PROVIDED DATA:
***

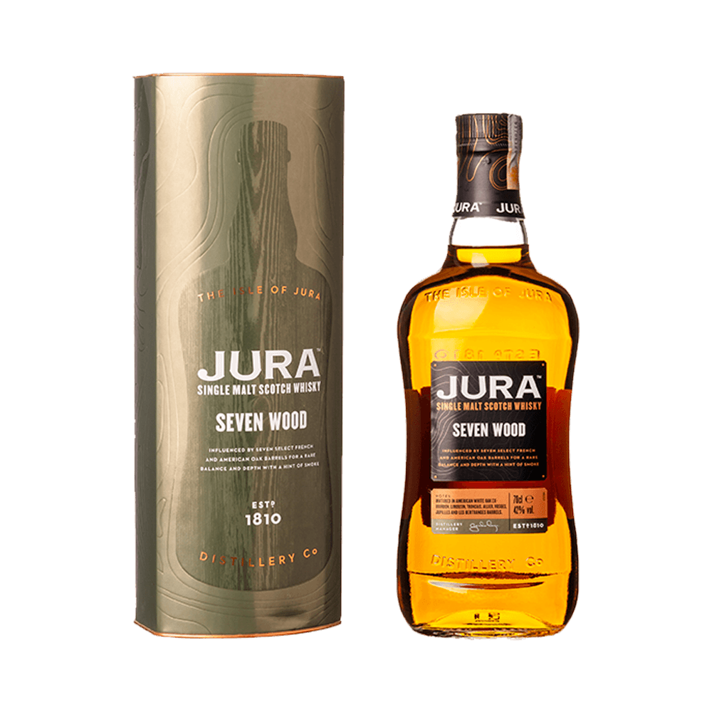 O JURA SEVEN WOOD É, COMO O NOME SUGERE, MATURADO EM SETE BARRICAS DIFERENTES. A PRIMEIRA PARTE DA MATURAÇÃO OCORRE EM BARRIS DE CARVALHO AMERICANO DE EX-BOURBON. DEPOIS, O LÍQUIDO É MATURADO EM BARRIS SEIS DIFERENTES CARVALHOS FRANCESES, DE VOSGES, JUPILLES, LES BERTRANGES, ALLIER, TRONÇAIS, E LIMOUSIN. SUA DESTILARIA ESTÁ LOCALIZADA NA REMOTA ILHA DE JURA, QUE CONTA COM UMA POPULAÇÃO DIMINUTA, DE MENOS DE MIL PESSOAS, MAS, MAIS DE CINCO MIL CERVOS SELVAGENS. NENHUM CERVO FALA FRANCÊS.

***

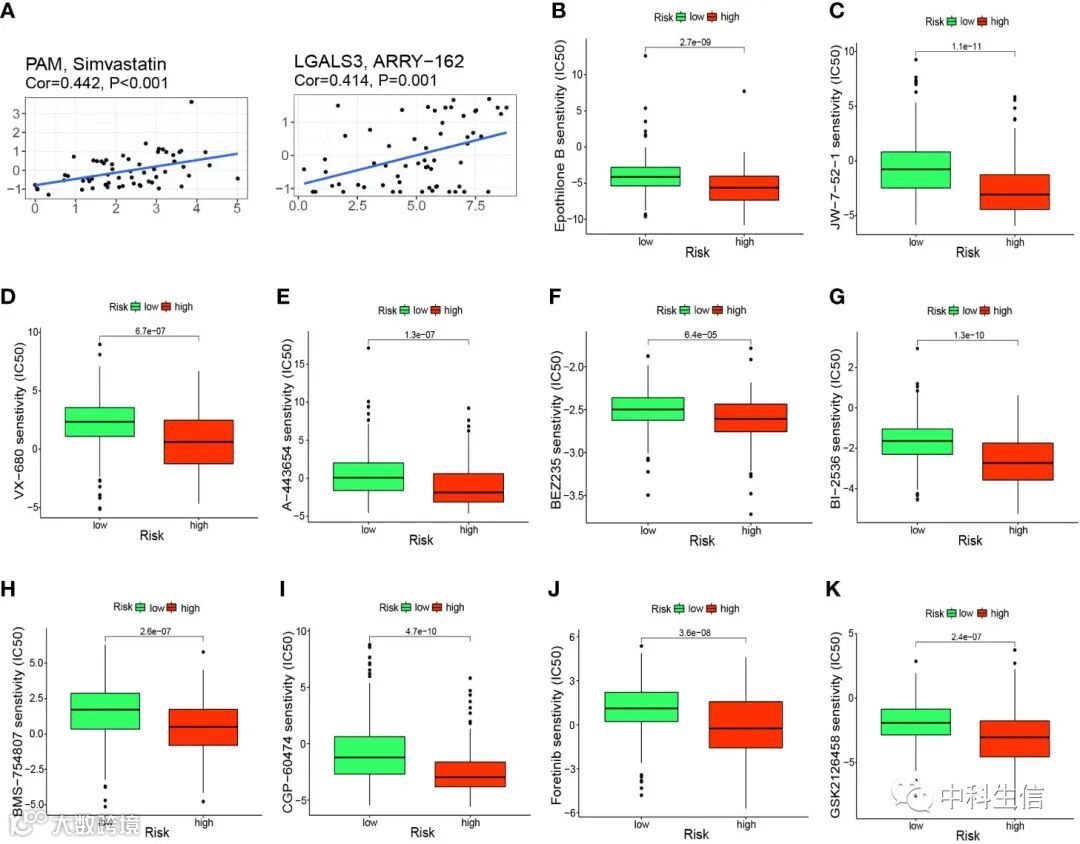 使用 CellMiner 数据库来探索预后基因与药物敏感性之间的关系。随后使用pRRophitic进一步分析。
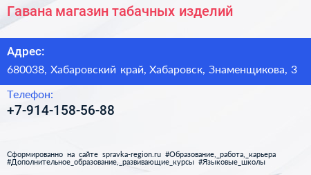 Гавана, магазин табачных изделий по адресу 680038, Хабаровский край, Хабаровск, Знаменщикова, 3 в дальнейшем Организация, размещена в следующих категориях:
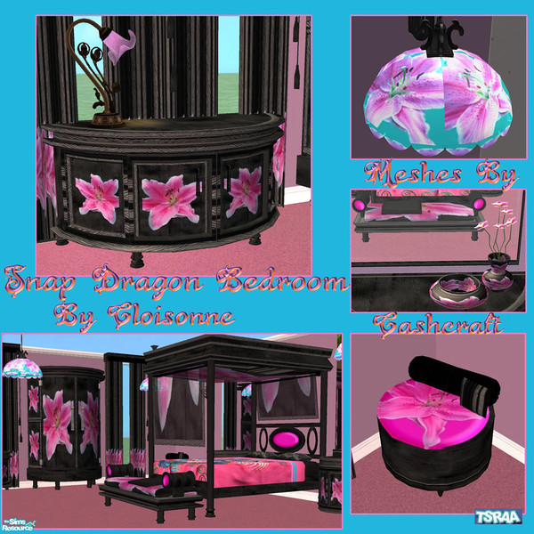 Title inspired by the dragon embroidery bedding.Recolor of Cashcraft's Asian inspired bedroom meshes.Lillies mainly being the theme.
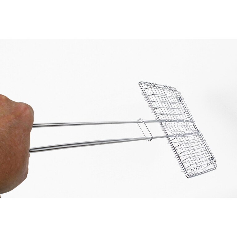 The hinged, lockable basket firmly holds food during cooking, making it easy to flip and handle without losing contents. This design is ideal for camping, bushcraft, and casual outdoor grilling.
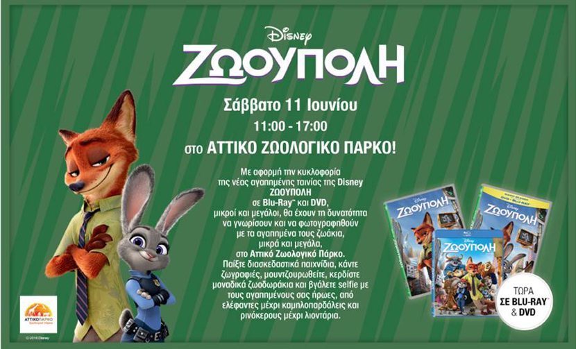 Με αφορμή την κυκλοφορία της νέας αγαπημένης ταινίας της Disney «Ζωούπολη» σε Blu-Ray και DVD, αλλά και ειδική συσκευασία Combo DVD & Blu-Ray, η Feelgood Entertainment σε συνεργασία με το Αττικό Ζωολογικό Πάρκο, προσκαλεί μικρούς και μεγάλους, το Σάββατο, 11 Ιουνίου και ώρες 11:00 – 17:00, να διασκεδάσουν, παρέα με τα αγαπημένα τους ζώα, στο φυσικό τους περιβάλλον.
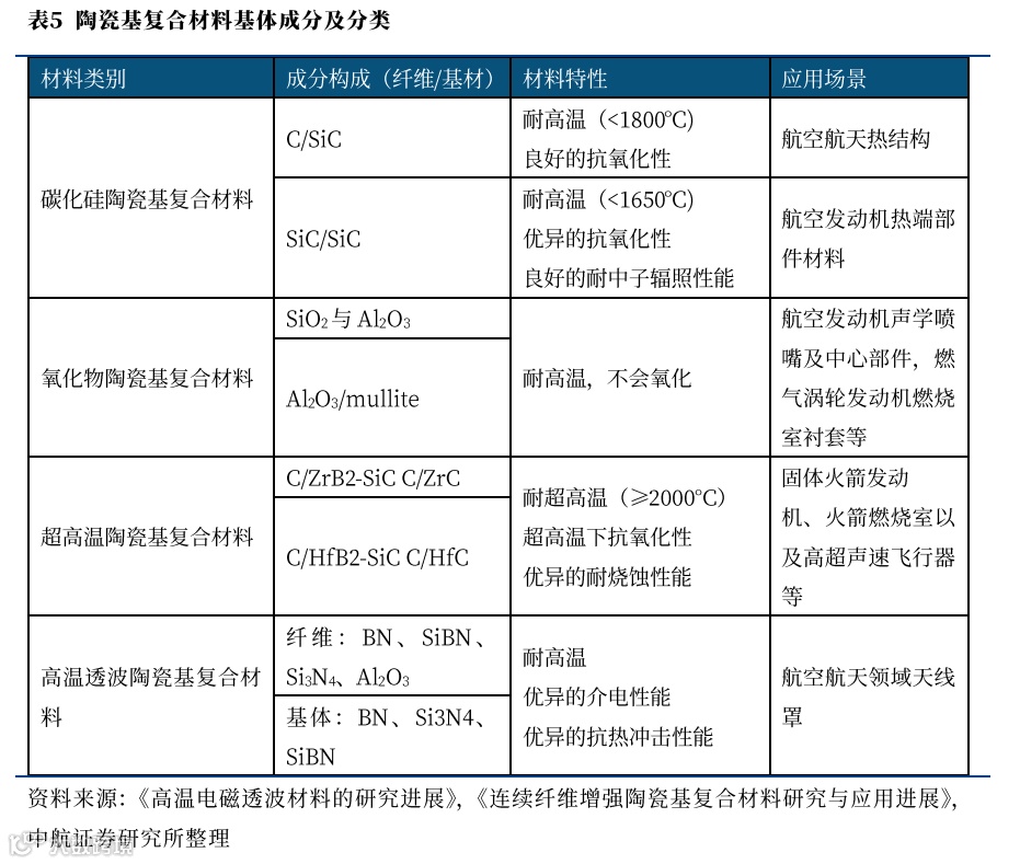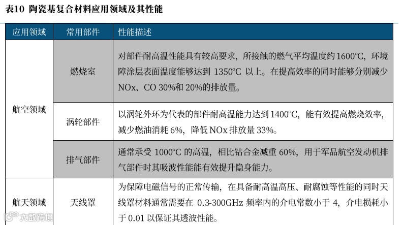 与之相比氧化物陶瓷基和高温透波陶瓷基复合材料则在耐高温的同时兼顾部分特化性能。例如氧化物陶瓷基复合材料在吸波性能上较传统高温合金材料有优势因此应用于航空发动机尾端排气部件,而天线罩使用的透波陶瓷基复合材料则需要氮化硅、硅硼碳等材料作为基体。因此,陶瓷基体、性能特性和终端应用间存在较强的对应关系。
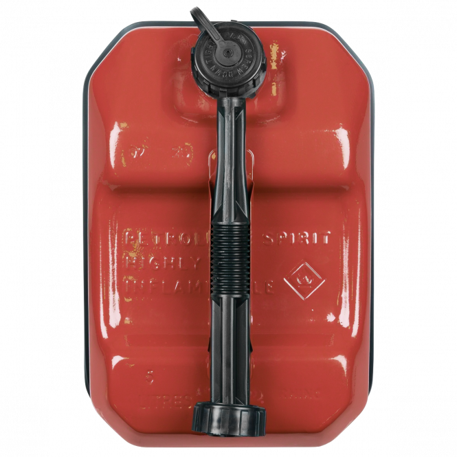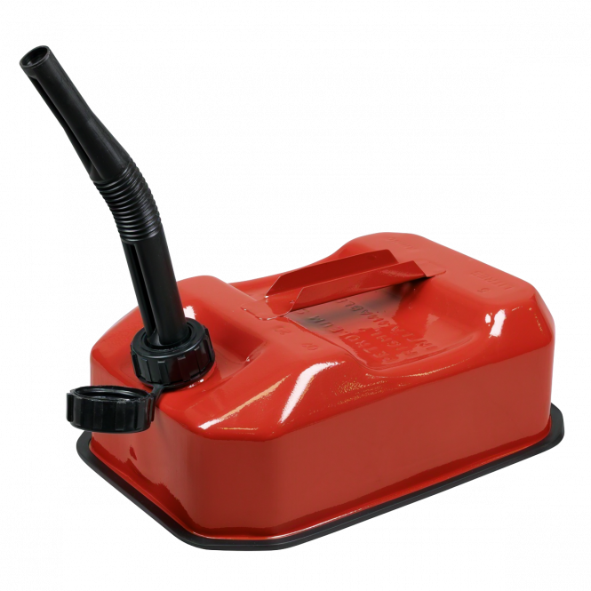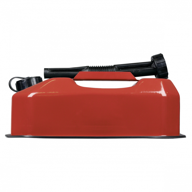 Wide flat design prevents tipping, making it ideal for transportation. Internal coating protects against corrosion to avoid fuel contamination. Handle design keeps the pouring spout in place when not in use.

***

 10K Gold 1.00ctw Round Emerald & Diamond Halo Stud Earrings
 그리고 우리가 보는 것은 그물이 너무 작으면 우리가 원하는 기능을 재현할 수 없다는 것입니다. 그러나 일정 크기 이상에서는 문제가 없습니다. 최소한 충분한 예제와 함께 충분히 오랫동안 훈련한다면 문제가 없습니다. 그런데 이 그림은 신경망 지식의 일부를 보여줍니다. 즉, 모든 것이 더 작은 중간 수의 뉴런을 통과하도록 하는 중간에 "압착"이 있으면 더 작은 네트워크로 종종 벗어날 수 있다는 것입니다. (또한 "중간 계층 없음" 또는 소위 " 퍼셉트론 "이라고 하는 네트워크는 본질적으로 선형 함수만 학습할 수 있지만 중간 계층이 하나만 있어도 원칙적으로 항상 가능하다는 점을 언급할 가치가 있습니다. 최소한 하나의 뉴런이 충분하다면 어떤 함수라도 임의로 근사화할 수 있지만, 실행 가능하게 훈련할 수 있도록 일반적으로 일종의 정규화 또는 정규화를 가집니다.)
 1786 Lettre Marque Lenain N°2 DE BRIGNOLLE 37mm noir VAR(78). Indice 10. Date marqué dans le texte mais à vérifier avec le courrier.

***

WHAT YOU NEED TO DO: Return exactly the stretch above whose first line contains "Με αφορμή την" and whose last line contains "Wide flat design", and nothing outside it. The pictures should not appear.

SOLUTION FOR THIS PROBLEM:
 Με αφορμή την κυκλοφορία της νέας αγαπημένης ταινίας της Disney «Ζωούπολη» σε Blu-Ray και DVD, αλλά και ειδική συσκευασία Combo DVD & Blu-Ray, η Feelgood Entertainment σε συνεργασία με το Αττικό Ζωολογικό Πάρκο, προσκαλεί μικρούς και μεγάλους, το Σάββατο, 11 Ιουνίου και ώρες 11:00 – 17:00, να διασκεδάσουν, παρέα με τα αγαπημένα τους ζώα, στο φυσικό τους περιβάλλον.
 与之相比氧化物陶瓷基和高温透波陶瓷基复合材料则在耐高温的同时兼顾部分特化性能。例如氧化物陶瓷基复合材料在吸波性能上较传统高温合金材料有优势因此应用于航空发动机尾端排气部件,而天线罩使用的透波陶瓷基复合材料则需要氮化硅、硅硼碳等材料作为基体。因此,陶瓷基体、性能特性和终端应用间存在较强的对应关系。
 Wide flat design prevents tipping, making it ideal for transportation. Internal coating protects against corrosion to avoid fuel contamination. Handle design keeps the pouring spout in place when not in use.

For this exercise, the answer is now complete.